_Work instructions_:
Beneath this line sits some data. Return only its lines from the one holding "As imagens, captadas" through the one holding "2017年12月26日,太阳", inclusive, exactly, with the images removed.

── Data

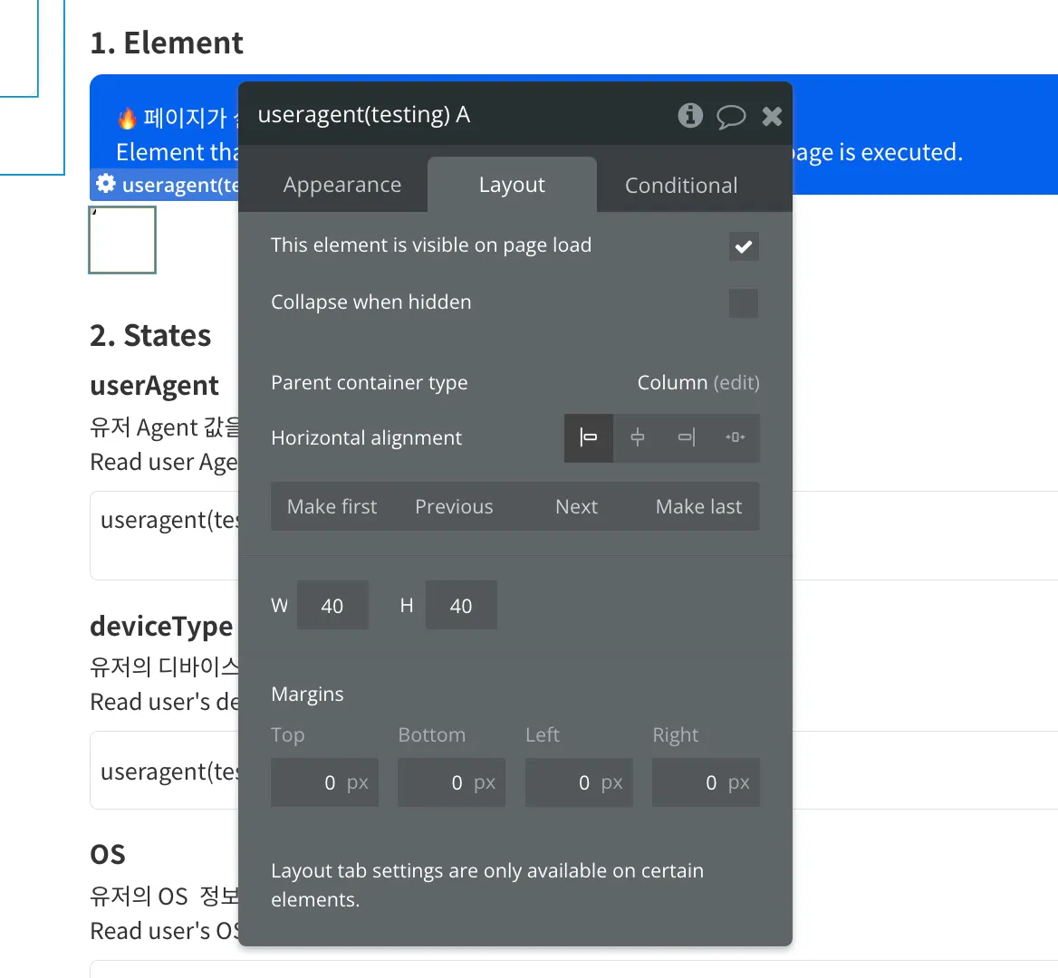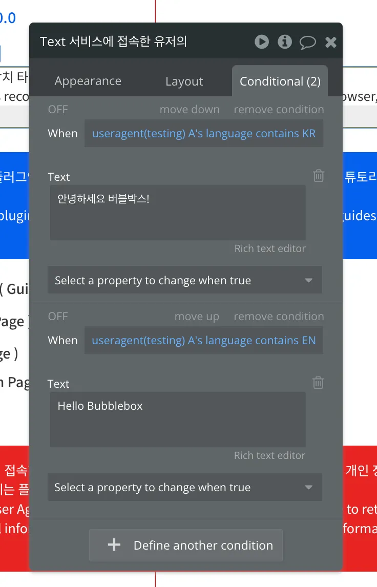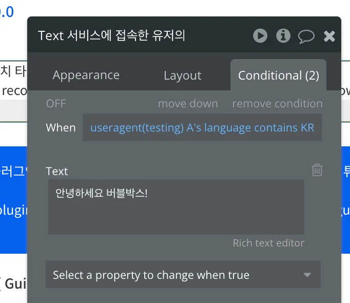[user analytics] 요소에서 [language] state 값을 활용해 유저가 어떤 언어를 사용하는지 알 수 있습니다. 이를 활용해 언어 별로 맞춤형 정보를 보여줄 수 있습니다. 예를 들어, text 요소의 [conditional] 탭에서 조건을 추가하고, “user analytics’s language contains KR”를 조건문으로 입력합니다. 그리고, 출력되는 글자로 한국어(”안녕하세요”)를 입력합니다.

────
── Data

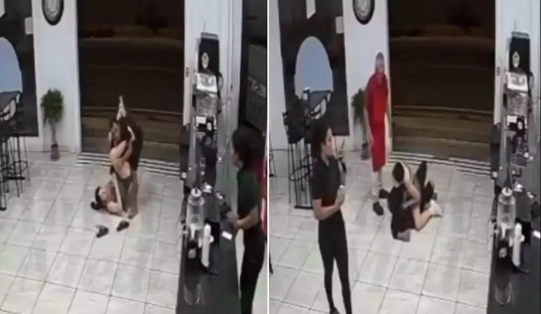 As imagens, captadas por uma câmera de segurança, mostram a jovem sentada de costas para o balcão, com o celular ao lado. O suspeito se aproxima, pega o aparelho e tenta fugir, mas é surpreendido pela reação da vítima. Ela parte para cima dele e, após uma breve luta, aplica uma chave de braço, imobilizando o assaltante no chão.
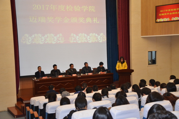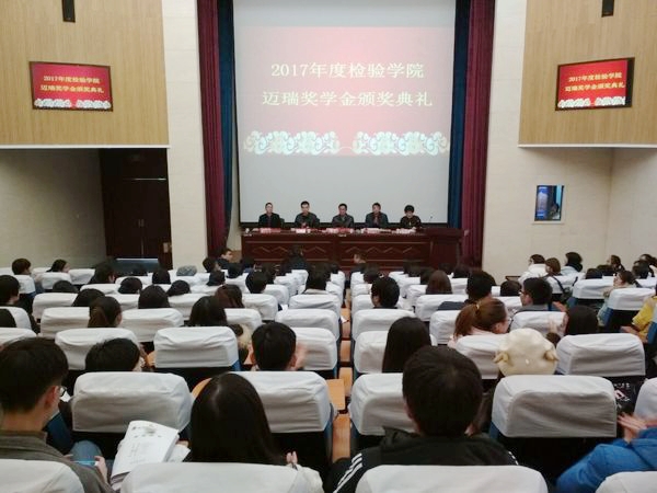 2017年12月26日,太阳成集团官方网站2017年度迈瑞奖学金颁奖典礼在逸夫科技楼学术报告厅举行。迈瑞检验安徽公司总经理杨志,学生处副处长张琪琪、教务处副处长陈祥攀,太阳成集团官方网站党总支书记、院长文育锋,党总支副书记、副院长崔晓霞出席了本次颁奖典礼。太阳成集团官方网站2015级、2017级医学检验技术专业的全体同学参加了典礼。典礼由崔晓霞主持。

────

_Response for this exercise_:
 As imagens, captadas por uma câmera de segurança, mostram a jovem sentada de costas para o balcão, com o celular ao lado. O suspeito se aproxima, pega o aparelho e tenta fugir, mas é surpreendido pela reação da vítima. Ela parte para cima dele e, após uma breve luta, aplica uma chave de braço, imobilizando o assaltante no chão.
 2017年12月26日,太阳成集团官方网站2017年度迈瑞奖学金颁奖典礼在逸夫科技楼学术报告厅举行。迈瑞检验安徽公司总经理杨志,学生处副处长张琪琪、教务处副处长陈祥攀,太阳成集团官方网站党总支书记、院长文育锋,党总支副书记、副院长崔晓霞出席了本次颁奖典礼。太阳成集团官方网站2015级、2017级医学检验技术专业的全体同学参加了典礼。典礼由崔晓霞主持。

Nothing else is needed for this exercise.